:: Task goal ::
Exactly the lines from the one containing "Την επόμενη μέρα" through the end of the records must be reproduced; leave out all pictures.

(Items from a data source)
────
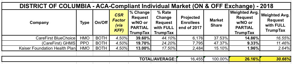 The District of Columbia is the 6th state (OK, it's not a state but it's considered one legislatively for purposes of the ACA) to post their initial 2018 rate filings (h/t to Louise Norris for the heads up). For 2017, the weighted average rate increase for the individual market was a mere 7.3%, highly unusual for this year, while the small group market increase was almost non-existent: Just 0.4% overall.
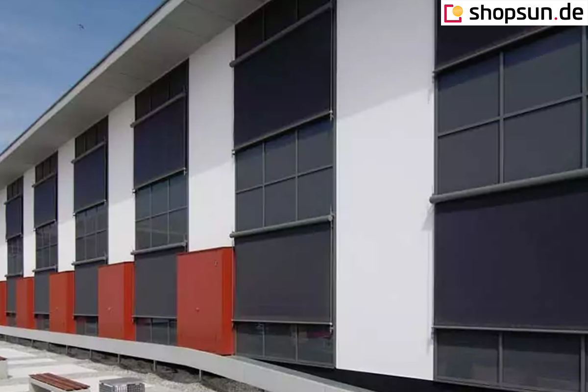Senkrechtmarkise 125 ist für die Fassadenmontage vorgesehen. Die maximale Breite der Abdeckung beträgt 3,5 m und die Höhe 4,25 m.
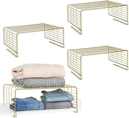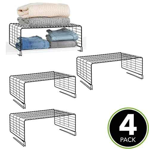- SIMPLE INSTALLATION: Each divider easily installs with no hardware or tools needed; Simply slide the divider shelf unit over closet shelves to create individual compartments; Instantly creates additional storage options in crowded work areas, closets, cabinets, and more; mDESIGN TIP – Flip the rack over before hanging to create under shelf storage to take advantage of unused vertical space; Perfect for kitchen pantries, linen closets, bathroom storage, and under sink cupboards
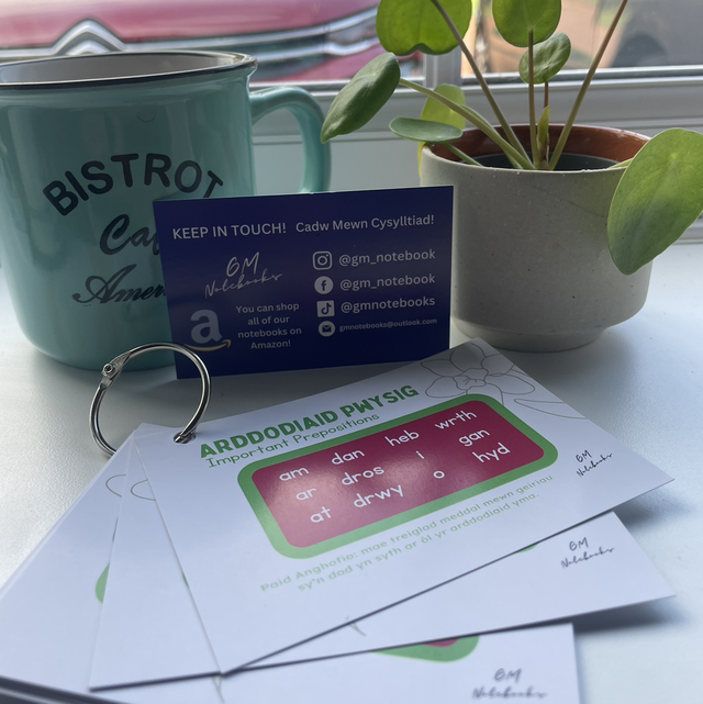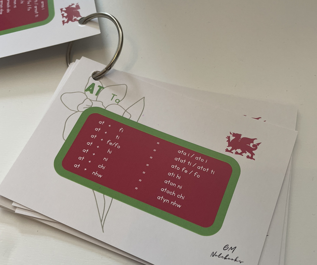 Introducing GM Notebooks' latest product: Arddodiaid Cardiau Fflach — the ultimate tool to help you master Welsh prepositions and their mutations! This set includes 14 high-quality, glossy flashcards, each detailing a different rule to remember when prepositions change. Each card is printed with clear, concise explanations, designed to make learning easier and more effective. The set comes with a durable ring, allowing you to easily flip through the cards and keep them safe and organized wherever you go. Perfect for learners of all levels, this essential study aid is available now for just £4.99.
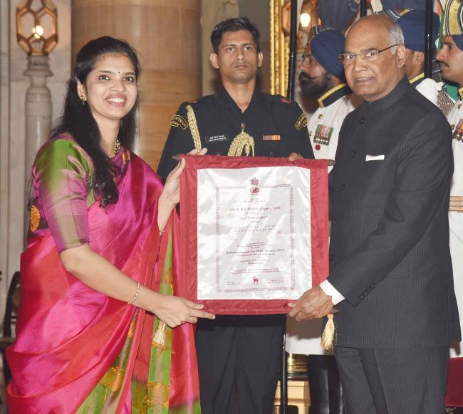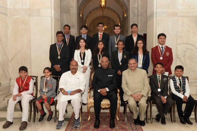 The President, Ram Nath Kovind presenting the National Child Awards to the Children for exceptional achievements, on the occasion of Children’s Day, at Rashtrapati Bhavan, in New Delhi on November 14, 2017.
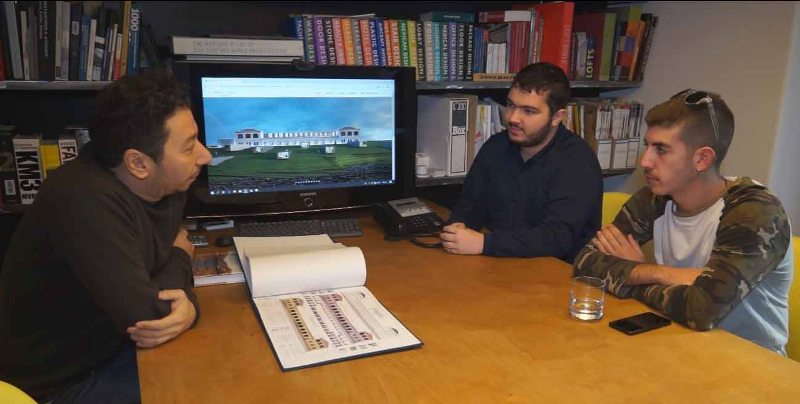 Την επόμενη μέρα της παραμονής τους στην Αθήνα, μαθητές και εκπαιδευτικοί συνάντησαν τον αρχιτέκτονα Μιχαήλ Προβελέγγιο, ο οποίος έχει μελετήσει το κτίριο στα πλαίσια της διδακτορικής του διατριβής. Ο κ. Προβελέγγιος έδειξε στην ομάδα κατόψεις και σχέδια του κτιρίου, καταθέτοντας σημαντικές πληροφορίες για την αρχική κατασκευή και τις μεταγενέστερες παρεμβάσεις σε αυτό.
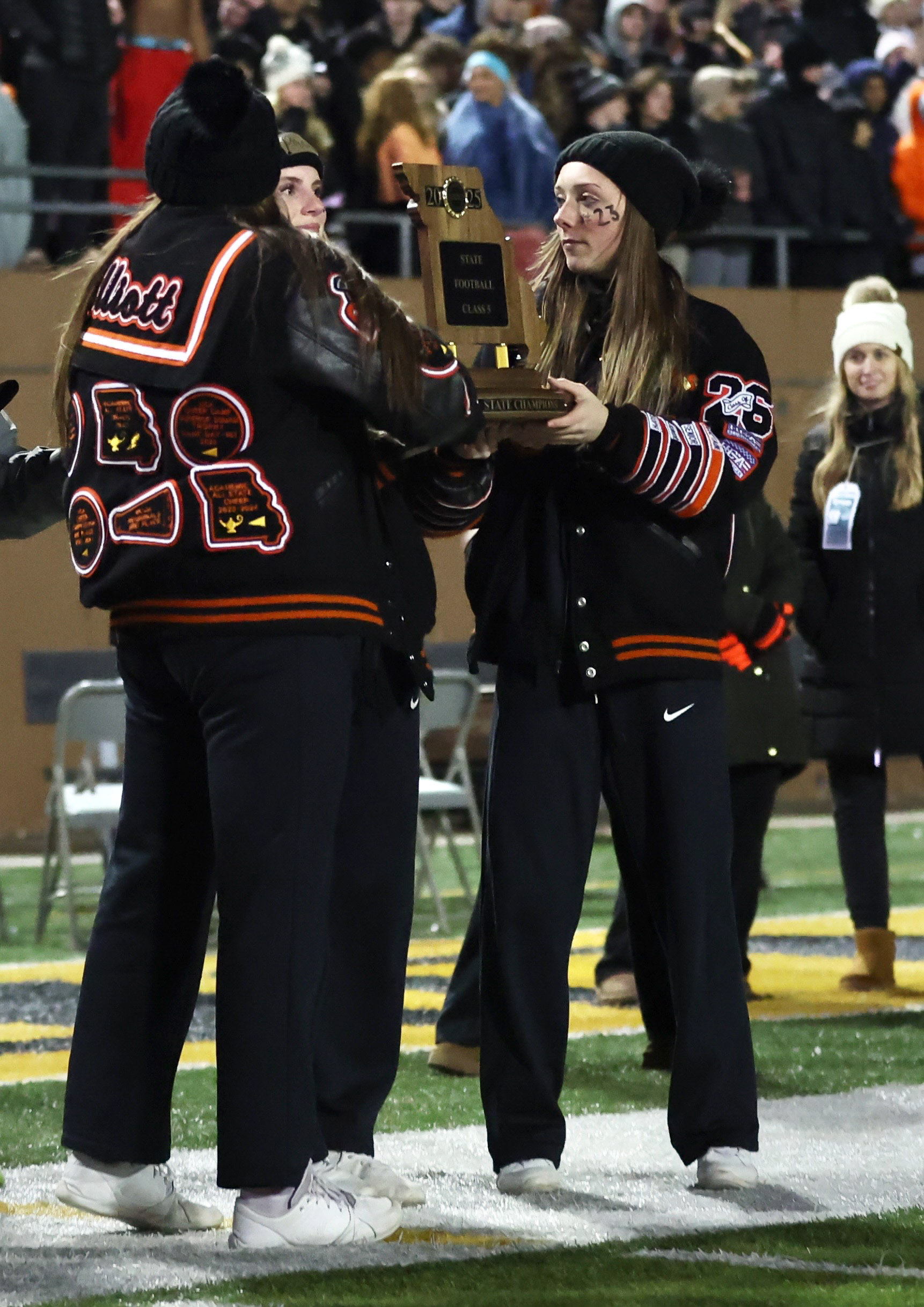 Platte County won a second consecutive state championship with a 34-28 victory in the Class 5 Show-Me Bowl over Carthage in overtime Friday at Spratt Stadium on the campus of Missouri Western State University in St. Joseph.
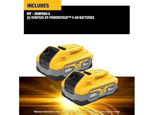 DEWALT DCBP5202 20V MAX XR POWERSTACK 5 Ah Lithium Ion Battery, 2-Pack
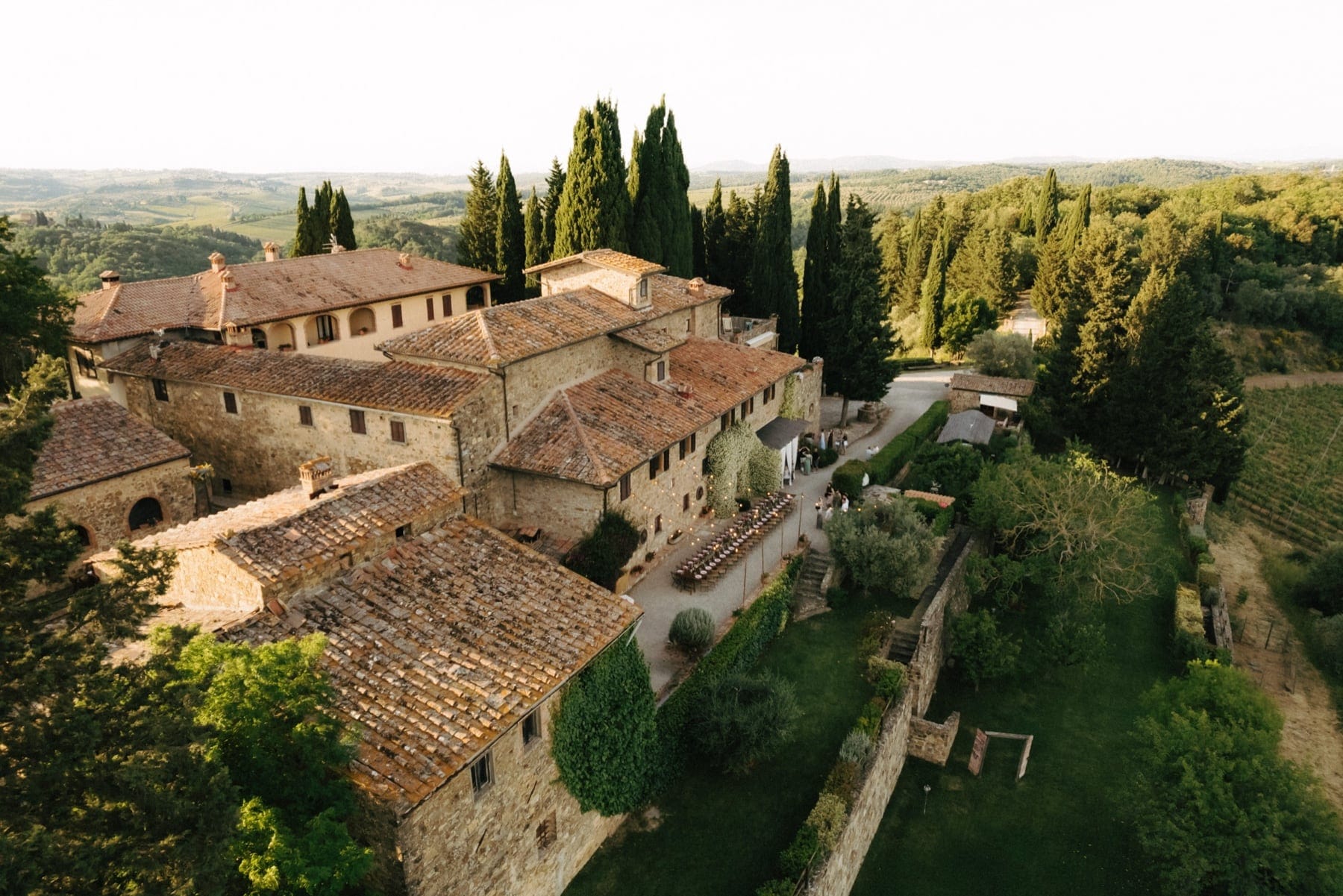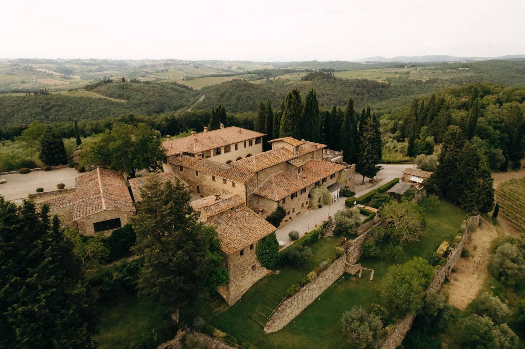 Quercia al Poggio to miejsce, które idealnie wpisuje się w hasło ślub we Włoszech i wesele w Toskanii. Położone w sercu regionu Chianti, odseparowane od reszty świata naturą. To historyczna posiadłość związana z dawnym klasztorem zakonników z Vallombrosy, która dziś zachwyca spokojem, autentycznością i pięknem natury. Kamienne budynki, otaczające wzgórza i wszechobecna cisza sprawiają, że jest to idealne miejsce na organizację ślubu w Toskanii.
────
:: The answer ::
 Την επόμενη μέρα της παραμονής τους στην Αθήνα, μαθητές και εκπαιδευτικοί συνάντησαν τον αρχιτέκτονα Μιχαήλ Προβελέγγιο, ο οποίος έχει μελετήσει το κτίριο στα πλαίσια της διδακτορικής του διατριβής. Ο κ. Προβελέγγιος έδειξε στην ομάδα κατόψεις και σχέδια του κτιρίου, καταθέτοντας σημαντικές πληροφορίες για την αρχική κατασκευή και τις μεταγενέστερες παρεμβάσεις σε αυτό.
 Platte County won a second consecutive state championship with a 34-28 victory in the Class 5 Show-Me Bowl over Carthage in overtime Friday at Spratt Stadium on the campus of Missouri Western State University in St. Joseph.
 DEWALT DCBP5202 20V MAX XR POWERSTACK 5 Ah Lithium Ion Battery, 2-Pack
 Quercia al Poggio to miejsce, które idealnie wpisuje się w hasło ślub we Włoszech i wesele w Toskanii. Położone w sercu regionu Chianti, odseparowane od reszty świata naturą. To historyczna posiadłość związana z dawnym klasztorem zakonników z Vallombrosy, która dziś zachwyca spokojem, autentycznością i pięknem natury. Kamienne budynki, otaczające wzgórza i wszechobecna cisza sprawiają, że jest to idealne miejsce na organizację ślubu w Toskanii.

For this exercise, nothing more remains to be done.